I was sitting with some friends the other week and a question came up. Someone asked, “so, when did you last write a for-loop?” We all chimed in, one after another, and the answers varied. Some of us had written fors earlier in the day; others, the previous week. Some of my friends hadn’t written a for in months. And, no, it wasn’t because they’d left programming, it was because they were working in languages where you either don’t have fors or you don’t have to use them often… languages like Ruby, Smalltalk, OCaml, and Haskell.

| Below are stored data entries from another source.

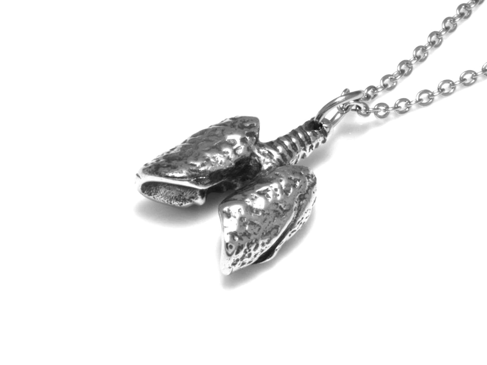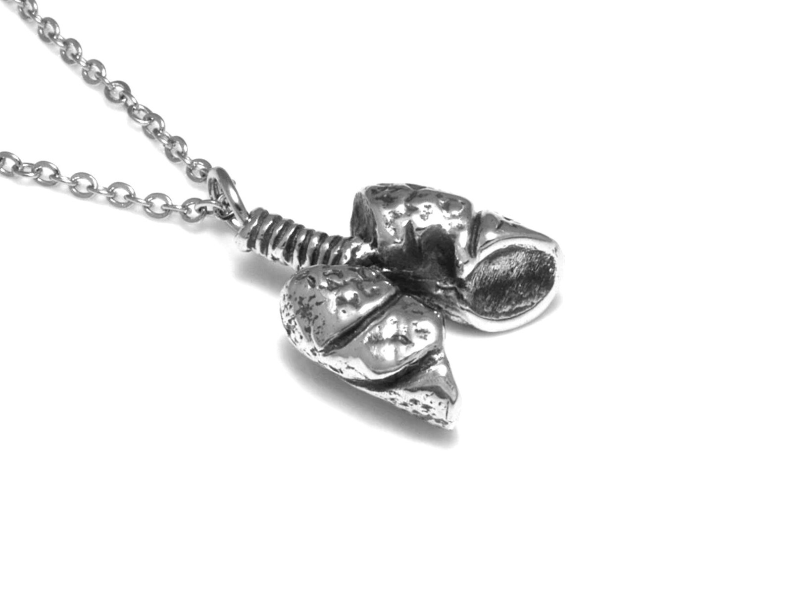 Lungs Necklace, Handmade Respiratory System Pendant Anatomical Jewelry in Pewter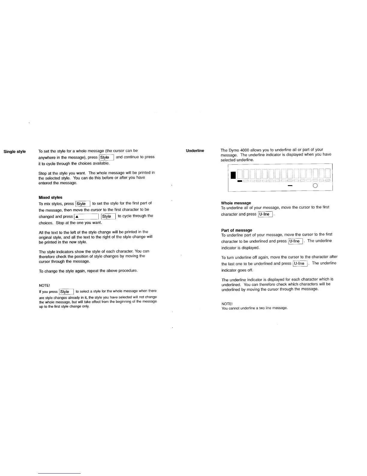Dymo 4000 - Text Enhancements; Underlining Text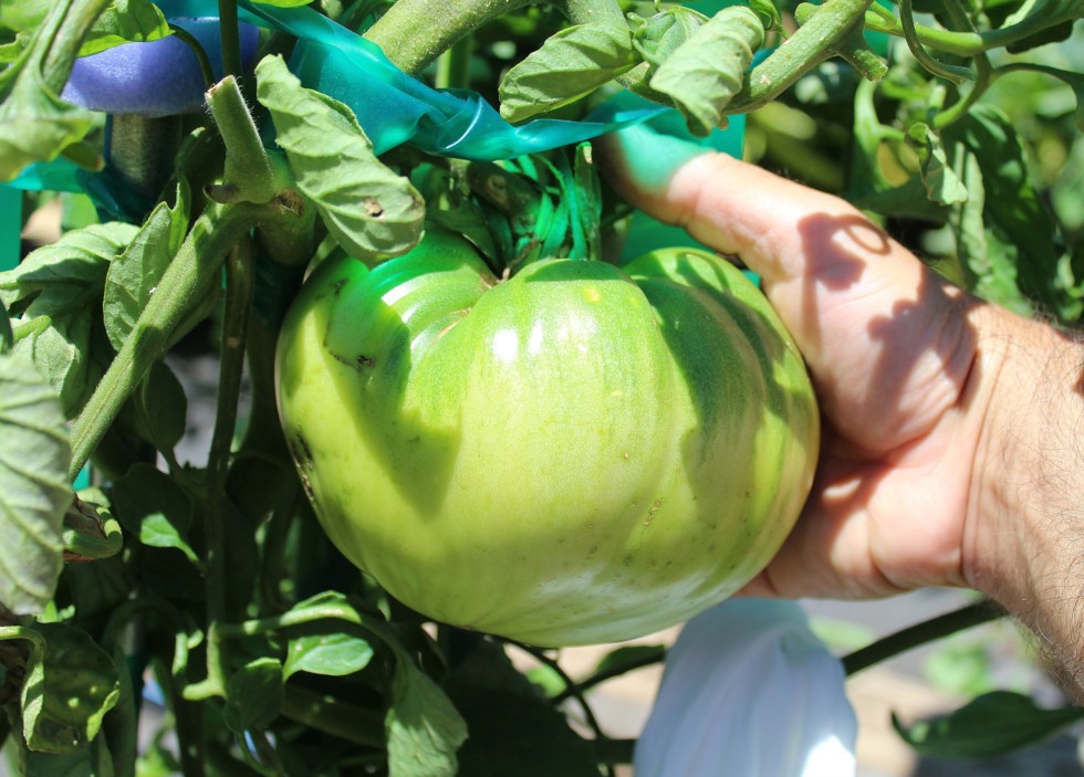 This is a Russian Oxheart heirloom. The person who gave me the seed happens to be Russian and brought it over a couple of years ago. Her family over there has been growing this seed for years. They make sauces from this variety. I thought I would start some for eating, but since I can't seem to grow a normal garden any more, I thought I would try to grow some big one's. The plant is very vigorous and a heavy, early producer. After I started this one I trimmed the plant back. The parent tomato last year was 1.93 lbs. Would be happy with a 2-3lber.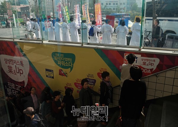 상복(喪服)을 입은 단원들은 병원과 신촌역을 오가며 가두 행진을 이어갔다. 가두 행진에서 이들은 세브란스병원 관계자와 연세대 학생들에게 병역 의혹과 관련한 진상규명에 나서줄 것을 촉구했다.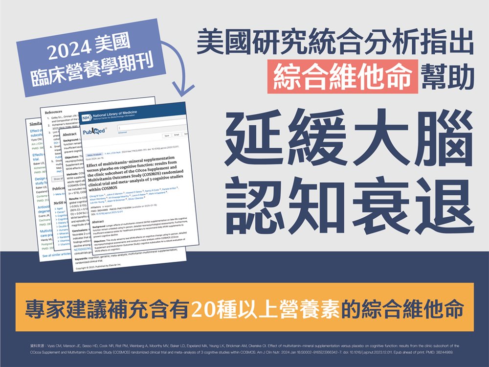 美國刊載在臨床營養學期刊上的統合分析顯示[9],綜合維他命對大腦的整體認知和記憶都有好處,醫師說明:「在這個研究中,每天有吃綜合維他命的人,相較於安慰劑組,大腦認知功能可說是年輕了接近2歲。所以如果飲食無法確保均衡的人,會建議他們可以每天吃一顆綜合維他命去補足大腦跟身體所需的營養。」。

Well, more power to them. I work in C, C++, and Java periodically. For-loops will always be a part of C. In C++, we you can avoid fors with algorithms and functors (although the syntax is a bit wild), but in Java, you’re still stuck with them unless you opt for the Apache collections library or some homegrown solution. Yes, there’s talk about adding closures to Java, but it’s not there yet.

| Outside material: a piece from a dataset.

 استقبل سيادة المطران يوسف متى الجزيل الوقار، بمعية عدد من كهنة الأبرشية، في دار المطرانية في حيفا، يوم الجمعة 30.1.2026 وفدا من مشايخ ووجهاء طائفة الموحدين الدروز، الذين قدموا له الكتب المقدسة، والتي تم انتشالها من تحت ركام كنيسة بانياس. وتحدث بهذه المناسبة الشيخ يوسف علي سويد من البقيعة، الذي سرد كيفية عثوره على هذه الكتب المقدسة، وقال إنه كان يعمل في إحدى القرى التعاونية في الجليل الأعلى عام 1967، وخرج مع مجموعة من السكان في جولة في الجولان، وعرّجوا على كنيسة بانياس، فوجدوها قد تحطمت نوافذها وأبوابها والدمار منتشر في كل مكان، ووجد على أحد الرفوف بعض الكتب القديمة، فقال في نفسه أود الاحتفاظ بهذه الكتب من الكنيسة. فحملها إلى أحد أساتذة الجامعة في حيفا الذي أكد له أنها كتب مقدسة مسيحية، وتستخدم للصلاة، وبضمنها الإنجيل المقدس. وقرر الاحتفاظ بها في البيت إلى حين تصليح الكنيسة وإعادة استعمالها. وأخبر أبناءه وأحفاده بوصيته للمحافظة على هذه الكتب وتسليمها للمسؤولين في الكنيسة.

There’s something very annoying about writing a for. For one thing, you have to deal with a lot of detail that is really “off the side” of what you want to do. If you want to iterate an array in C, you can do this:


for(int n = 0; n < size; ++n) 
    sum += elements [n];

Isn’t it ridiculous that most of the complexity is in the first line, rather than the second? It’s all bookkeeping.

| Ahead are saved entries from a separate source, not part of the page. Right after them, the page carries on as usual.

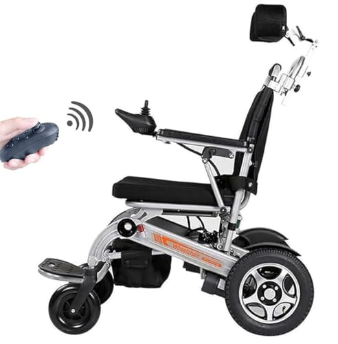 PXOCDEO Ultralätt hopfällbar elektrisk rullstol med fjärrkontroll och nackstöd, lämplig för äldre och funktionshindrade, Li-ion batteri 24V 20Ah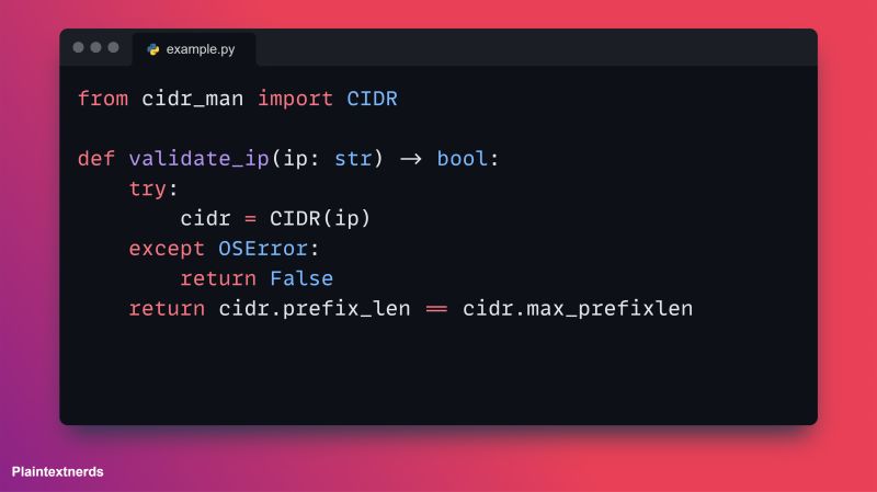 However, there is even a better way. Enter 𝗖𝗜𝗗𝗥-𝗠𝗮𝗻 (author: Tim Armstrong) which is faster than ipaddress and conforms to the current RFCs. 📈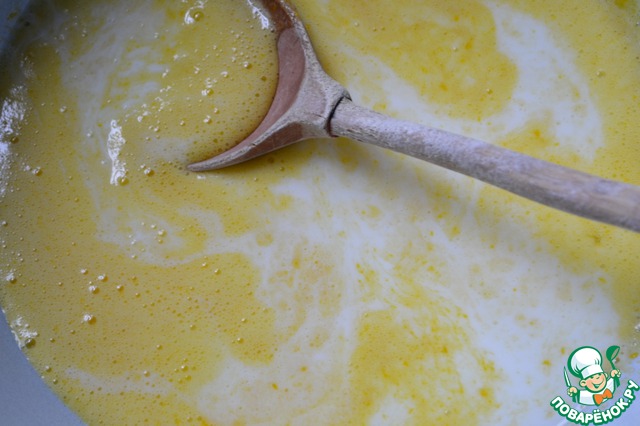 Яйца растереть с сахаром, добавить соль и перемешать.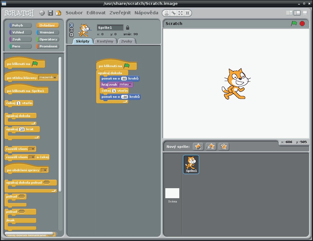 Tip: Jazyk Scratch přirozeně podporuje multithreading a částečně je objektově orientován. To znamená, že ke každému objektu v programu (včetně postav) lze připojit vlastní kód a všechny dílky kódu mohou fungovat souběžně a nezávisle na jiných dílcích. Když tyto možnosti vhodně uplatníte, můžete díky nim vytvářet poměrně složité programy.

Isn’t it even more ridiculous that we’ve been doing this for years? And, sadly, it’s not because we haven’t tried to abstract our way out of it. Since the beginning of “structured programming” people have looked into ways to make iteration less onerous. I remember Pascal and Ada with their “upto”s and “downtos”.. and there was the CLU language, which introduced the concept of an iterator, which was great, but then we had to live with this for years in Java:


for (Iterator it = orders.iterator(); it.hasNext(); )  {
   Order order = (Order)it.next();
   …
}

It was just insane. And, yes, the for syntax introduced in Java 5 is nicer, but, really, just give me a block:


 orders.each { | order | ... }

So we're moving forward. People are moving towards blocks and closures, but why did it take so long?

Part of it, I think is a historical fear of inefficiency. For the longest while, the idea of using a block in the context of iteration was scary for many people. There's more indirection. And, regardless of whether it was slower, it looked slower. Another part, I think, was a fear among language designers that the vast majority of programmers wouldn't be able to handle blocks or that they would be put off by them. And I think that today we can say that that is obviously wrong. It's just a shame that it took so long to figure out.

So, if I run into those same friends in five years and we have the same conversation, I wonder what the answers will be? Will any of us still be writing fors? Only the C folks.. that's my bet.